Don't look now, but consumer credit in the US has slingshotted back to new all-time highs while savings rates hit levels not seen since 2008 as Americans attempt to deal with the mounting pressures created by high and rising price inflation of essential goods. As we mentioned last week, these indisputable facts fly in the face of recent comments from President Biden that attempted to gaslight the American public into believing that credit exposure are relatively low and savings rates are relatively high.
These figures point to the rising desperation throughout the American economy which seems primed to be exacerbated as a recession seems to be on the horizon and may be made apparent as early as the end of July. At which point the business sector will react with austerity measures that push more people out of the job market and into a world with steadily rising energy and food costs that cannot be easily reversed due to systemic supply chain disruptions. A precarious predicament at best and the set up for a violent doom loop at worst.

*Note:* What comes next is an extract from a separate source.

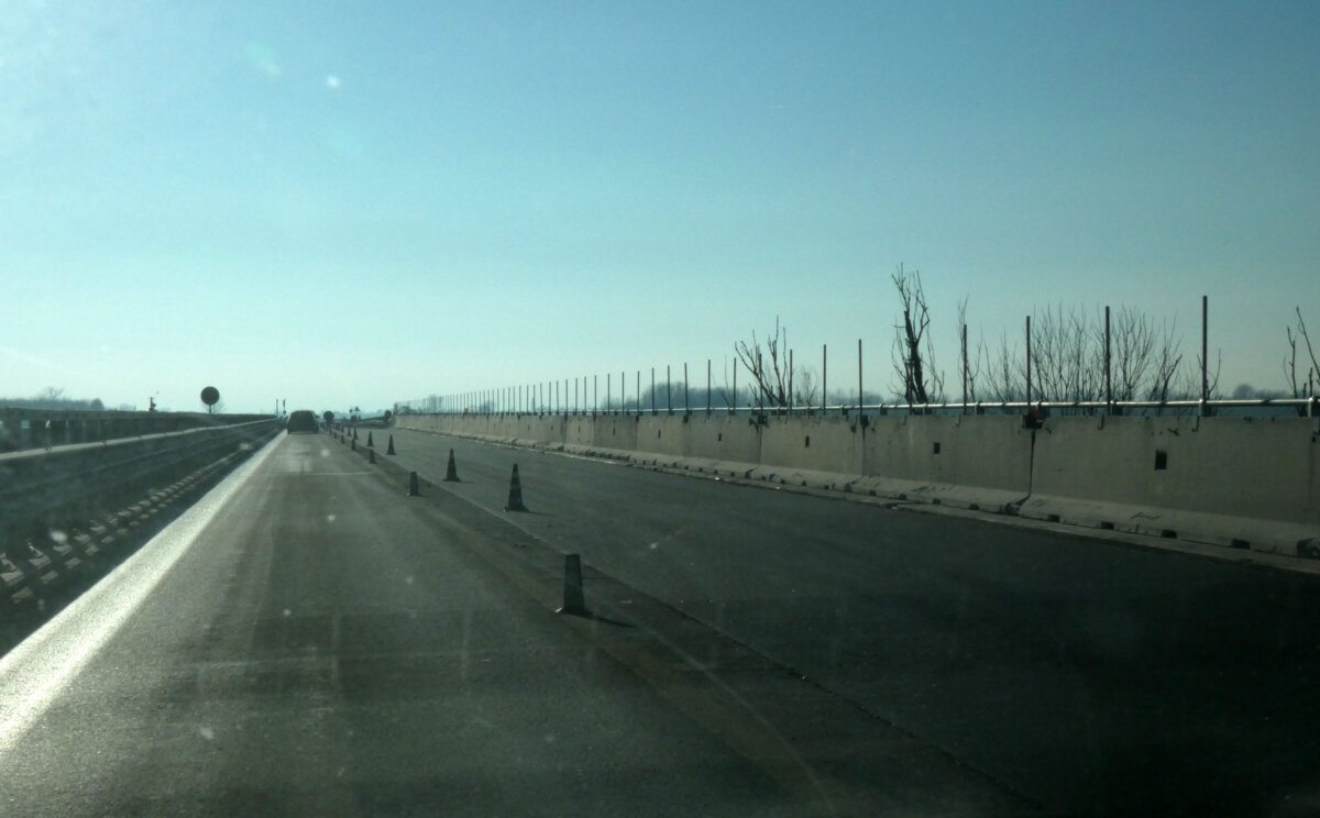 Terminati, da tempo, gli interventi nella corsia di marcia verso Cremona, ed ora pressoché ultimati quelli verso Parma, ed ora sono già ben avviate le operazioni di consolidamento anche nella corsia di marcia opposta, verso Parma, con l’installazione di barriere e guardrail attualmente in corso.

If a recession hits, a wave of people living in high rise apartments or starter homes who make low six-figures while still living paycheck to paycheck and using credit cards to afford a life of relative comfort get laid off, and are forced into a market experiencing rare price inflation thing could get... ugly. Demand would immediately collapse, there would be a fire sale on real estate, and credit card delinquency rates would begin to accelerate, which would put an immense amount of pressure on an already unstable credit system.
We truly hope the worst case scenario doesn't play out, but after looking at the data above and coupling that with the unsolved issues on the supply side of essential goods at the bottom of Maslow's Hierarchy of Needs it is hard not to let the mind wander into a dark place. We'll keep you freaks abreast of these trends as they continue throughout the Summer.
Baby number two arrives in the morning. God is good and my wife is a saint.